Source data:
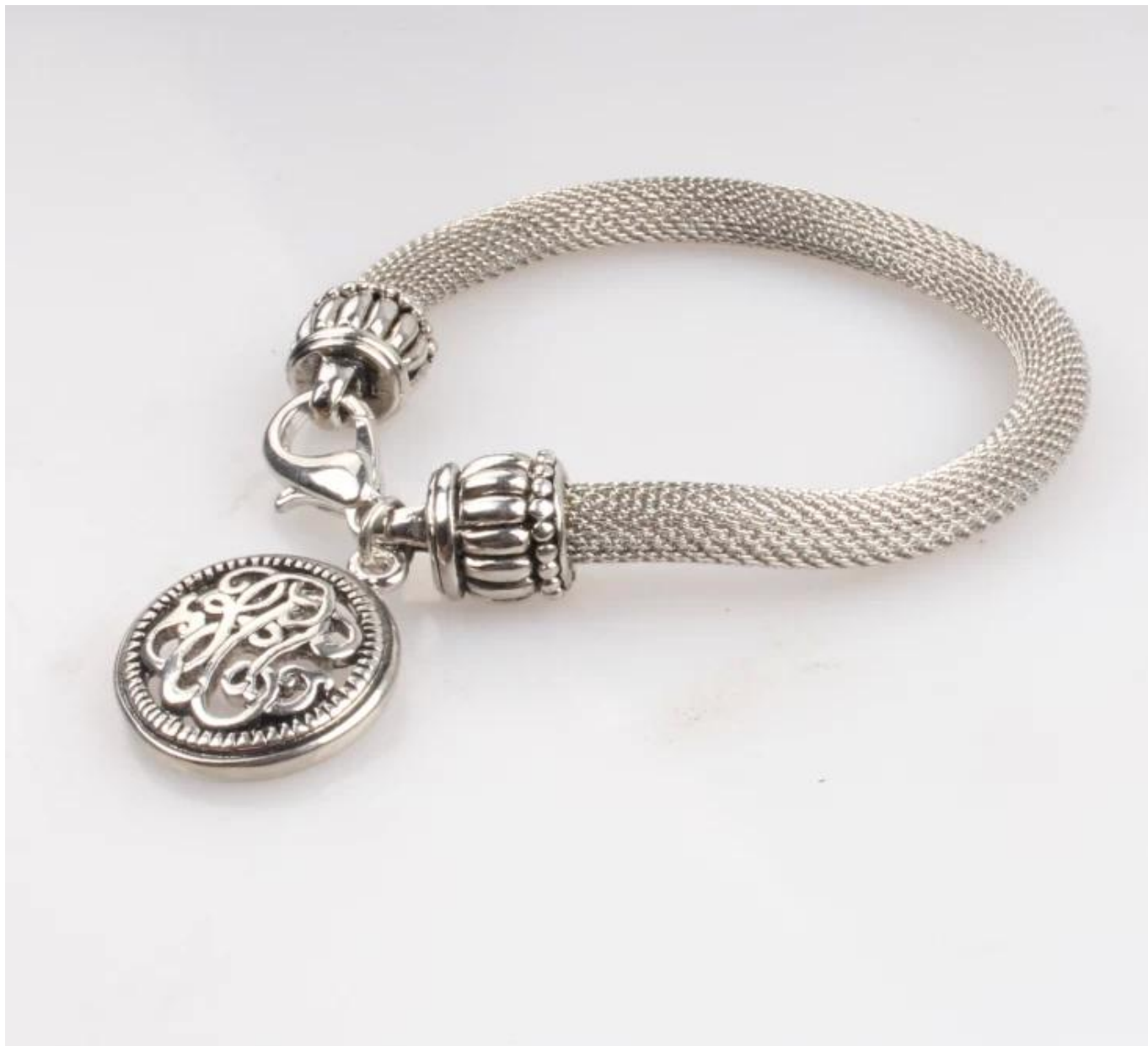
# Fashion Jewelry European bracelet for Wemen.
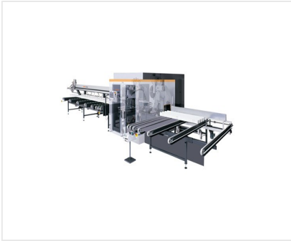
Profile machining centre SBZ 631
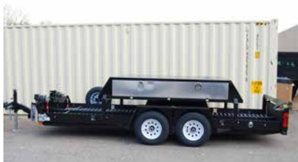
The AX900™ Axle Scale Trailer is a reliable and durable option for transporting AX900™ scales to areas not served by permanent truck scales.

The Texas Department of Safety has stated that the trailer allows for the easy loading and unloading of the scale system at locations decided by enforcement officers. The department has been able to increase the efficiency, safety and transportation of their AX900™ Axle scales with the AX900™ Trailer. The trailer has helped them tackle the daily challenges of Commercial Vehicle Enforcement in a variety of environments and locations. Intercomp continues to work on new innovations to better serve their customers.
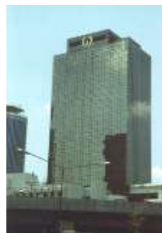
WALL STREET TOWER - M,E -
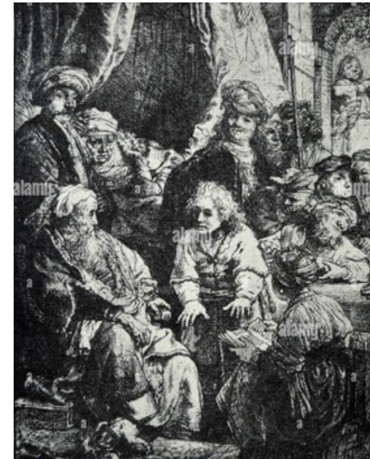
Joseph Telling His Dreams (1633) by Rembrandt van Rijn. The pastor will be preaching a series about Joseph.

COLLEGE CHURCH of Seventh-day Adventists
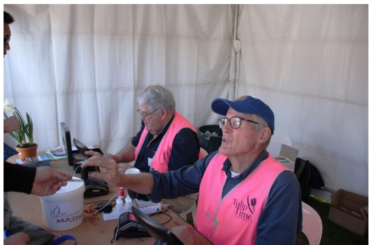
Two wise monkeys!
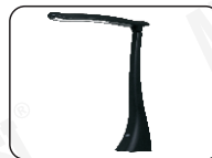
LED Desk Lamp
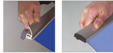
'Clamp rails' make installing and removing banners quick and easy
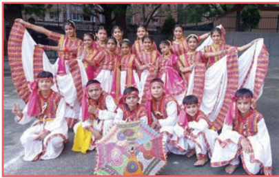
Garba dance from Gujarat
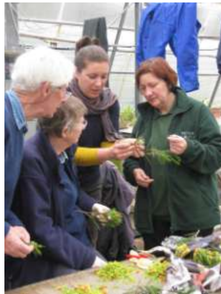
Taking Softwood Cuttings, JBG
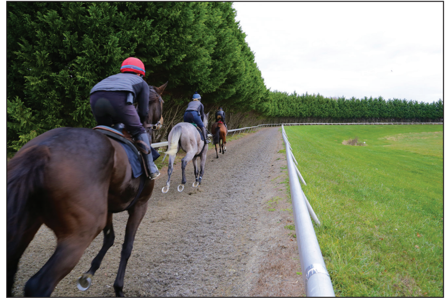
On the warm up track - every Tuesday, Thursday and Saturday we canter right handed.
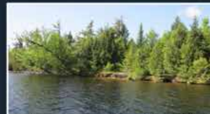
Little Redstone Lake — You'll find peace and tranquility on Hemlock Island, 523 Feet of frontage, 2.25 acres. Multi exposures. $127,900
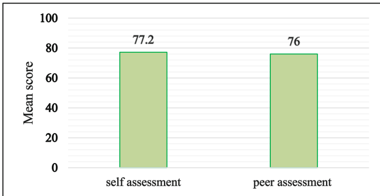
Fig. 3. The mean score of scientific workability

laboratories conventional [15, 35, 37]. Students are satisfied with their project laboratory work, they acquire the skills needed to face the challenges of their future profession. The knowledge and skills he has acquired are of course maintained and developed continuously. The previous finding was that free inquiry promotes the development of transversal skills, the ability to take responsibility for autonomy, develop self-reflection skills, work cooperatively and increase knowledge retention for the long term [29].
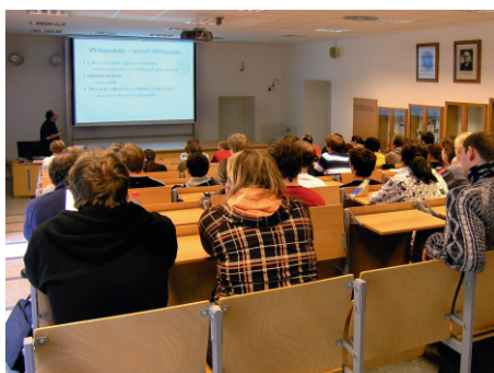
Licence CC-BY-SA 3.0.
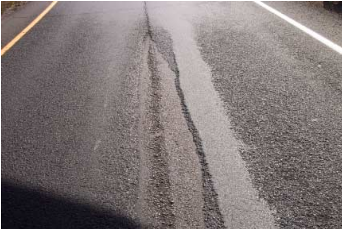
Figure 23. Raveling Under a Bridge

Record the number of lineal feet of pavement exhibiting the conditions listed above.
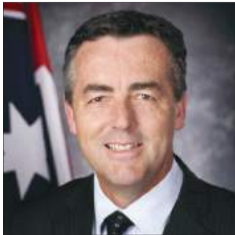
■ MINISTER Darren Chester

to the Commonwealth Superannuation Commission being a law unto itself and falsely reporting to the government in regards to DFRDB, the ATO and Family Law Court.
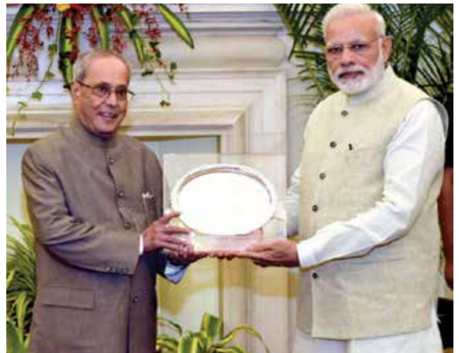
PM Shri Narendra Modi presents a memento to the former President Shri Pranab Mukherjee on the occasion of farewell hosted by him for the former President at Hyderabad House in New Delhi
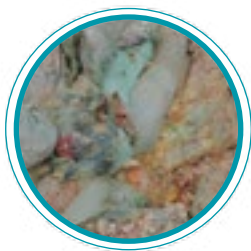
RESTAURANT & HOSPITALITY WASTE 3 to 5T/hour
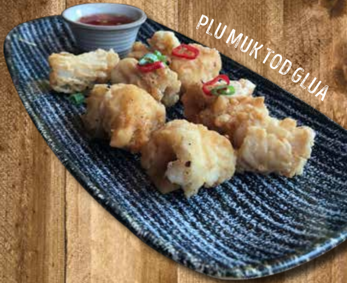
PLU MUK TOD GLUA
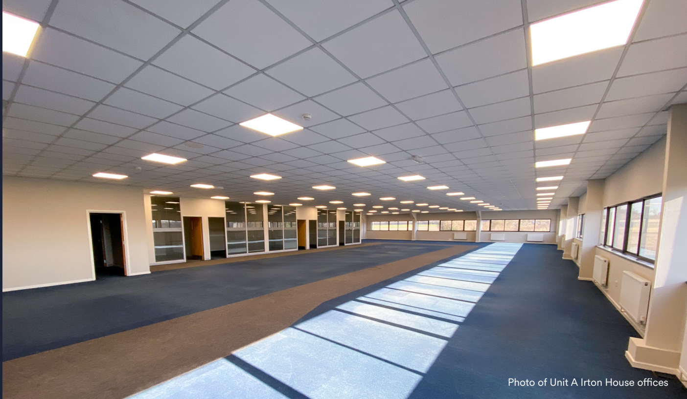
Photo of Unit A Irton House offices

### REQUIREMENT
Return from the data every line that holds "House".

### RESPONSE AREA
PM Shri Narendra Modi presents a memento to the former President Shri Pranab Mukherjee on the occasion of farewell hosted by him for the former President at Hyderabad House in New Delhi
Photo of Unit A Irton House offices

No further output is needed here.